The Pace of Life and the Skills Gained from Sports

Throughout my fourth year of undergrad, I had to combine club management, training, studying, an internship with the Moscow Exchange currency market, preparing for international exams, my own project on algorithmic trading, and additional courses in financial mathematics. It was certainly difficult, but in my opinion, studying at HSE prepares all of us for this kind of stress.

This year I completed my BA in World Economy and am now looking forward to the start of the winter semester at Ludwig Maximilian University of Munich, where I will continue my academic path in the MSc programme in Economics.

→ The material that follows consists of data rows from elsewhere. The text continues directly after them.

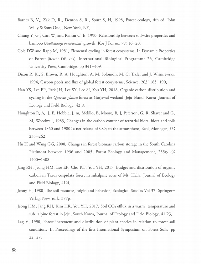 88 Barnes B. V., Zak D. R., Denton S. R., Spurr S. H. 1998. Forest ecology. 4th ed. John Wiliy & Sons Onc., New York, NY. Chung Y. G., Carl W. and Ramm C. E. 1990. Relationship between soil-site properties and bamboo Phullostachys bambusoides growth. Kor J For oc. 7916-20. Cole DW and Rapp M. 1981. Elemental cycling in forest ecosystems. In Dynamic Properties of Forest Reiche DE, eds International...
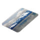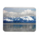 Looking east from Sandpoint, ID across Lake Pend Oreille (pond oh-ray) on a winter day; snow-covered mountains in the distance. Ice has formed at the shore and extends part way across the lake. Blues and grays are the predominate colors. From a photo taken by the artist.
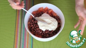 Подготовьте все необходимые по списку продукты. С фасоли обязательно слейте всю лишнюю жидкость.

When a person is motivated, really wants something, and sets specific goals for themselves, they will find hundreds of ways to achieve them. Plus, the days go on indefinitely when you wake up at 4:30

As for the skills you gain when playing sports, in rowing—where you have a team of eight plus a coxswain—it’s primarily teamwork. Here, more than anywhere else, the importance of well-coordinated work, a deep understanding of your comrades, who for your sake transcend the boundaries of their physical capabilities and for whom you give all the strength of your soul and body over a distance, is acutely manifested. This sport teaches you to close your eyes, clench your teeth, and keep going, despite any difficulties, pain, fatigue, rain, or icy gusts of wind in your face. Rowing gives you a clear understanding of people and their needs, punctuality and diligence, a character of steel, and nerves of iron.